- REQUIRED ACTION -
Drop every picture. Then return, exactly, the lines from the beginning of the listing below through the one containing "但是在市场看来 ,『不排除』".

- ENTRIES SHOWN -
━━━

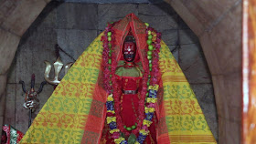 The deity of Devi Tripura Sundari is made of Kasti stone which is rosy dark in variety. The idol is 1.57 meters tall. installed on a stone platform, it is 1.64 meters in length and width. Devi Tripura Sundari stands on Lord Siva's chest and is crowned with a golden crown and has a gridlock. She has four hands, a face that is a little longer, and relatively small eyes.
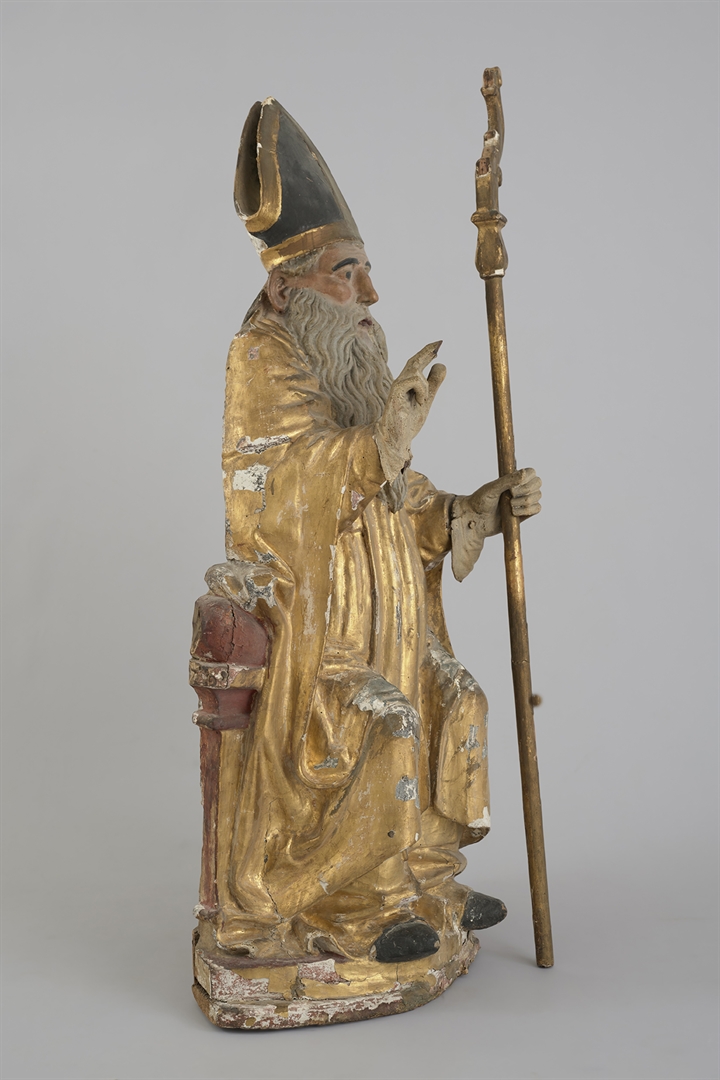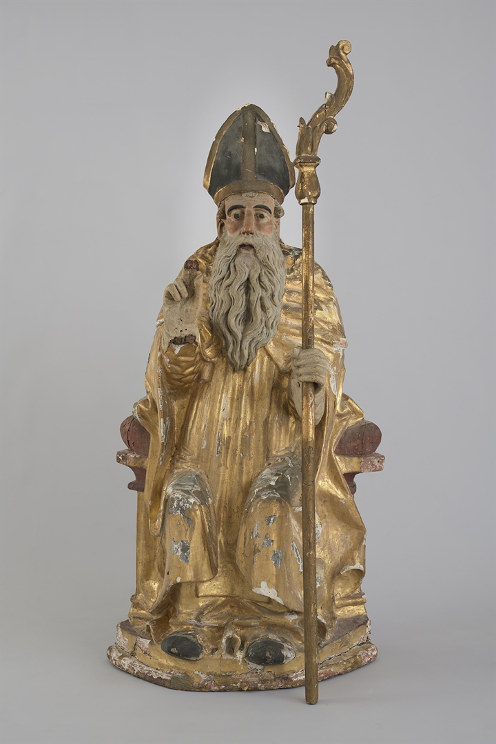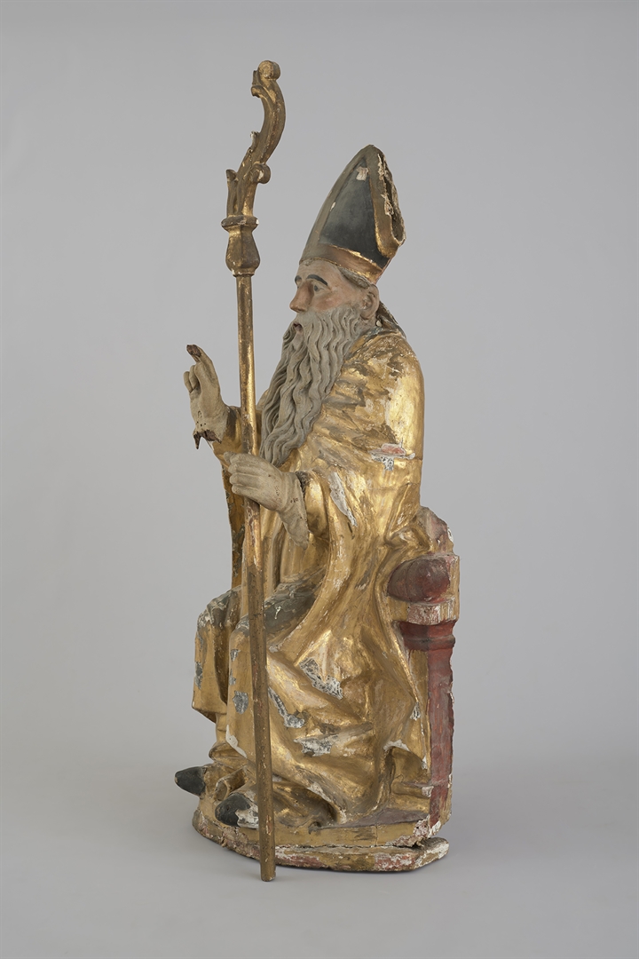 Drveni svetac sjedi na prijestolju. Na glavi je tiara tamno-zelena sa zlatnim rubom. Duga bijela brada i brkovi. Ogrnutj je zlatnim plaštom koji se spaja sa haljinom i pada preko nogu. Bijela desna ruka podignuta u blagoslov. U lijevoj drži pastirski štap sa bogatim zavojem. Noge obuvene u crnim cipelama. Figura je na zlatnom soklu. (Inventarna knjiga 1-3, 1. tom)
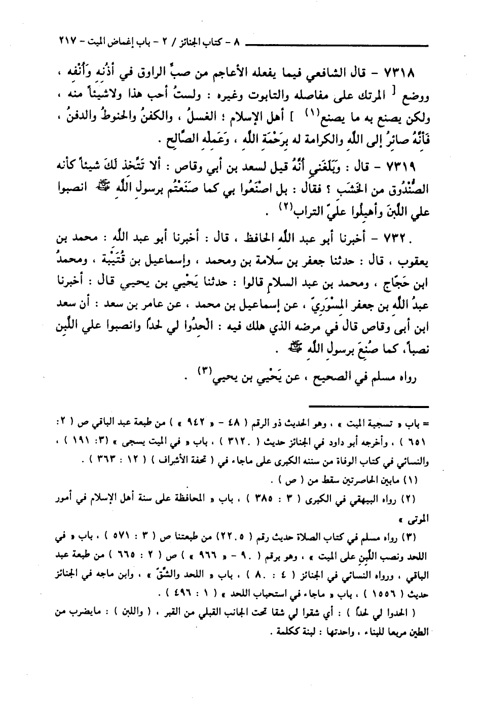 7320 - أَخْبَرَنَا أَبُو عَبْدِ اللَّهِ الْحَافِظُ قَالَ: أَخْبَرَنَا أَبُو عَبْدِ اللَّهِ مُحَمَّدُ بْنُ يَعْقُوبَ قَالَ: حَدَّثَنَا جَعْفَرُ بْنُ سَلَامَةَ بْنِ مُحَمَّدٍ، وَإِسْمَاعِيلُ بْنُ قُتَيْبَةَ، وَمُحَمَّدُ بْنُ حَجَّاجٍ، وَمُحَمَّدُ بْنُ عَبْدِ السَّلَامِ، قَالُوا: حَدَّثَنَا يَحْيَى بْنُ يَحْيَى قَالَ: أَخْبَرَنَا عَبْدُ اللَّهِ بْنُ جَعْفَرٍ الْمِسْوَرِيُّ، عَنْ إِسْمَاعِيلَ بْنِ مُحَمَّدٍ، عَنْ عَامِرِ بْنِ سَعْدٍ، أَنَّ سَعْدَ بْنَ أَبِي وَقَّاصٍ قَالَ فِي مَرَضِهِ الَّذِي هَلَكَ فِيهِ: § «الْحِدُوا لِي لَحْدًا وَانْصِبُوا عَلَيَّ اللَّبِنَ نَصْبًا كَمَا صُنِعَ بِرَسُولِ اللَّهِ صَلَّى اللهُ عَلَيْهِ وَسَلَّمَ» رَوَاهُ مُسْلِمٌ فِي الصَّحِيحِ، عَنْ يَحْيَى بْنِ يَحْيَى
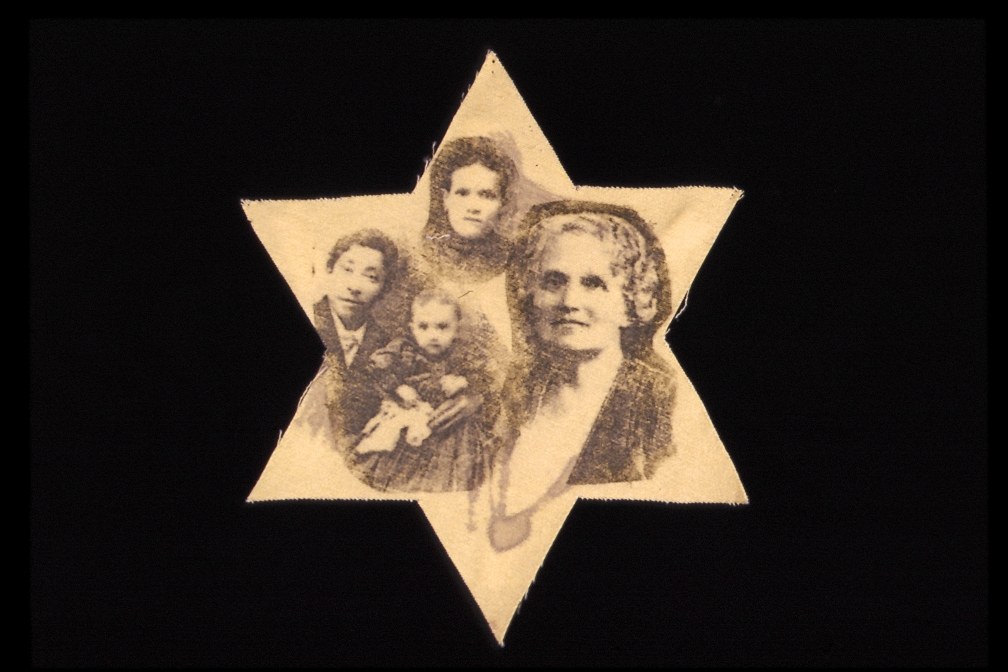 Ink and Photo-transfer on dyed yellow fabric
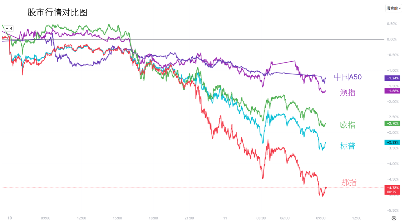 但是在市场看来 ,『不排除』经济衰退就等于默认衰退,而且也代表特朗普不在乎股市下跌,让那些原本还相信特朗普会救市的投资者大失所望,投资情绪进一步恶化,从美股开盘起,全球股市加速下跌,最终全球股指全数走跌。
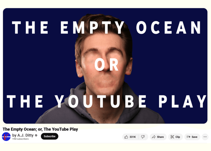 Hey, what’s up subscribers??? Crazy what’s been going on with V’s channel, right? Like, his best friend and long-time collaborator David just left YouTube for good without, like, ANY warning. Something’s off there, fam, I know it. And now they’ve brought on this new girl, Dalia something???, who I hear used to write for The Experiment, yeah, that HBO show about the clones or the aliens or whatever. But now they’re talking about “a new era for the channel” where they’re gonna start making “art”? or something? and I’m just like: whatever happened to the glory days of V and David just, like, blowing up cars with bazookas? Why is David vague-posting about some shady stuff V got up to in the early days of the channel? Why do I feel this emptiness inside of me, this roiling, echoing churn of impossible loneliness that threatens to consume my every waking thought? haHA Don’t forget to smash that like button. Please. Please like me. Please somebody like me. Anybody please please please please pl01se pl10ase p0101ase p01101000 01100101 01101100 01110000 00100000 01101101 01100101.

━━━

- ANSWER SPACE -
 The deity of Devi Tripura Sundari is made of Kasti stone which is rosy dark in variety. The idol is 1.57 meters tall. installed on a stone platform, it is 1.64 meters in length and width. Devi Tripura Sundari stands on Lord Siva's chest and is crowned with a golden crown and has a gridlock. She has four hands, a face that is a little longer, and relatively small eyes.
 Drveni svetac sjedi na prijestolju. Na glavi je tiara tamno-zelena sa zlatnim rubom. Duga bijela brada i brkovi. Ogrnutj je zlatnim plaštom koji se spaja sa haljinom i pada preko nogu. Bijela desna ruka podignuta u blagoslov. U lijevoj drži pastirski štap sa bogatim zavojem. Noge obuvene u crnim cipelama. Figura je na zlatnom soklu. (Inventarna knjiga 1-3, 1. tom)
 7320 - أَخْبَرَنَا أَبُو عَبْدِ اللَّهِ الْحَافِظُ قَالَ: أَخْبَرَنَا أَبُو عَبْدِ اللَّهِ مُحَمَّدُ بْنُ يَعْقُوبَ قَالَ: حَدَّثَنَا جَعْفَرُ بْنُ سَلَامَةَ بْنِ مُحَمَّدٍ، وَإِسْمَاعِيلُ بْنُ قُتَيْبَةَ، وَمُحَمَّدُ بْنُ حَجَّاجٍ، وَمُحَمَّدُ بْنُ عَبْدِ السَّلَامِ، قَالُوا: حَدَّثَنَا يَحْيَى بْنُ يَحْيَى قَالَ: أَخْبَرَنَا عَبْدُ اللَّهِ بْنُ جَعْفَرٍ الْمِسْوَرِيُّ، عَنْ إِسْمَاعِيلَ بْنِ مُحَمَّدٍ، عَنْ عَامِرِ بْنِ سَعْدٍ، أَنَّ سَعْدَ بْنَ أَبِي وَقَّاصٍ قَالَ فِي مَرَضِهِ الَّذِي هَلَكَ فِيهِ: § «الْحِدُوا لِي لَحْدًا وَانْصِبُوا عَلَيَّ اللَّبِنَ نَصْبًا كَمَا صُنِعَ بِرَسُولِ اللَّهِ صَلَّى اللهُ عَلَيْهِ وَسَلَّمَ» رَوَاهُ مُسْلِمٌ فِي الصَّحِيحِ، عَنْ يَحْيَى بْنِ يَحْيَى
 Ink and Photo-transfer on dyed yellow fabric
 但是在市场看来 ,『不排除』经济衰退就等于默认衰退,而且也代表特朗普不在乎股市下跌,让那些原本还相信特朗普会救市的投资者大失所望,投资情绪进一步恶化,从美股开盘起,全球股市加速下跌,最终全球股指全数走跌。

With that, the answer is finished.